Go solves the exception problem by not having exceptions. Instead Go allows functions to return an error type in addition to a result via its support for multiple return values. By declaring a return value of the interface type error you indicate to the caller that this method could go wrong. If a function returns a value and an error, then you can’t assume anything about the value until you’ve inspected the error. The only place that may be acceptable to ignore the value of error is when you don’t care about the other values returned.

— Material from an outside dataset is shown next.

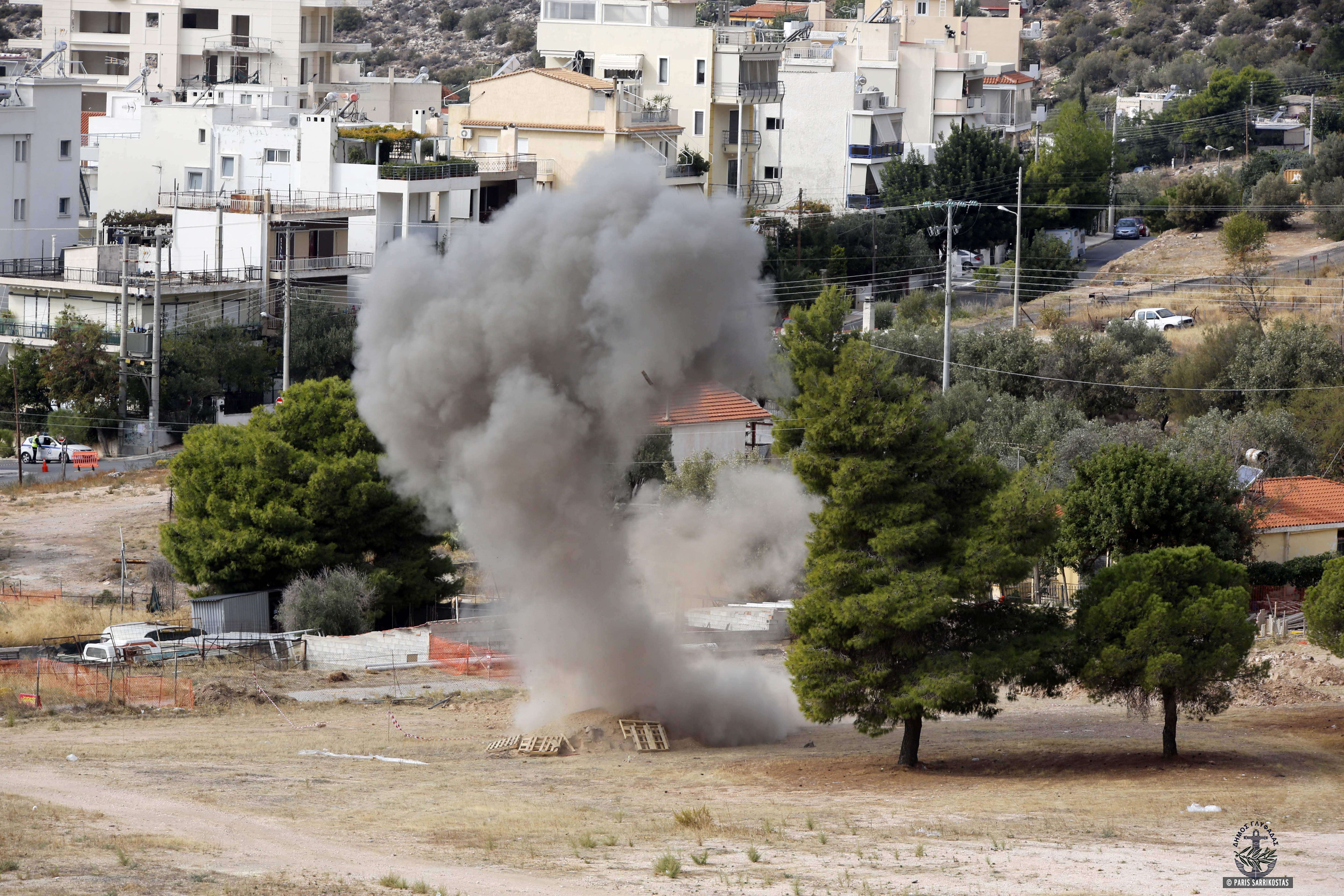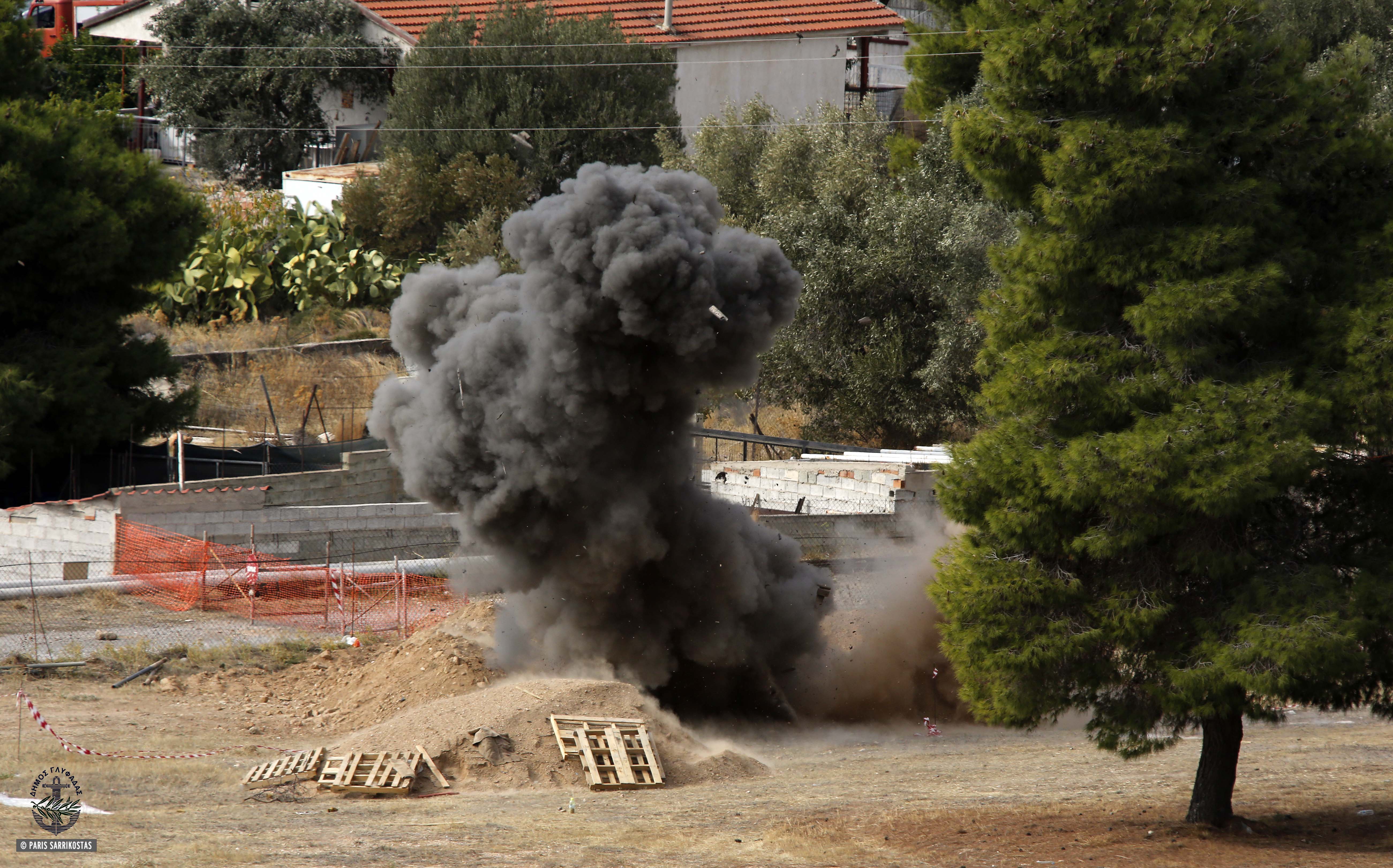 Με επιτυχία και απόλυτη ασφάλεια πραγματοποιήθηκε σήμερα το πρωί ελεγχόμενη έκρηξη σε βλήμα πυροβολικού γερμανικής προέλευσης, του Β’ Παγκοσμίου Πολέμου, που ανακαλύφθηκε μετά από εκσκαφή για αντιπλημμυρικά έργα στο όριο της περίφραξης του στρατοπέδου της Πολεμικής Αεροπορίας-ΕΤΗΜ (Εργοστάσιο Τηλεπικοινωνιακών και Ηλεκτρονικών Μέσων) στην Άνω Γλυφάδα.

Go does have a facility called panic, and if you squint hard enough, you might imagine that panic is the same as throw, but you’d be wrong. When you throw and exception you’re making it the caller’s problem

throw new SomeoneElsesProblem();

For example in C++ you might throw an exception when you can’t convert from an enum to its string equivalent, or in Java when parsing a date from a string. In an internet connected world, where every input from a network must be considered hostile, is the failure to parse a string into a date really exceptional? Of course not.

When you panic in Go, you’re freaking out, it’s not someone elses problem, it’s game over man.

panic("inconceivable")

panics are always fatal to your program. In panicing you never assume that your caller can solve the problem. Hence panic is only used in exceptional circumstances, ones where it is not possible for your code, or anyone integrating your code to continue.

The decision to not include exceptions in Go is an example of its simplicity and orthogonality. Using multiple return values and a simple convention, Go solves the problem of letting programmers know when things have gone wrong and reserves panic for the truly exceptional.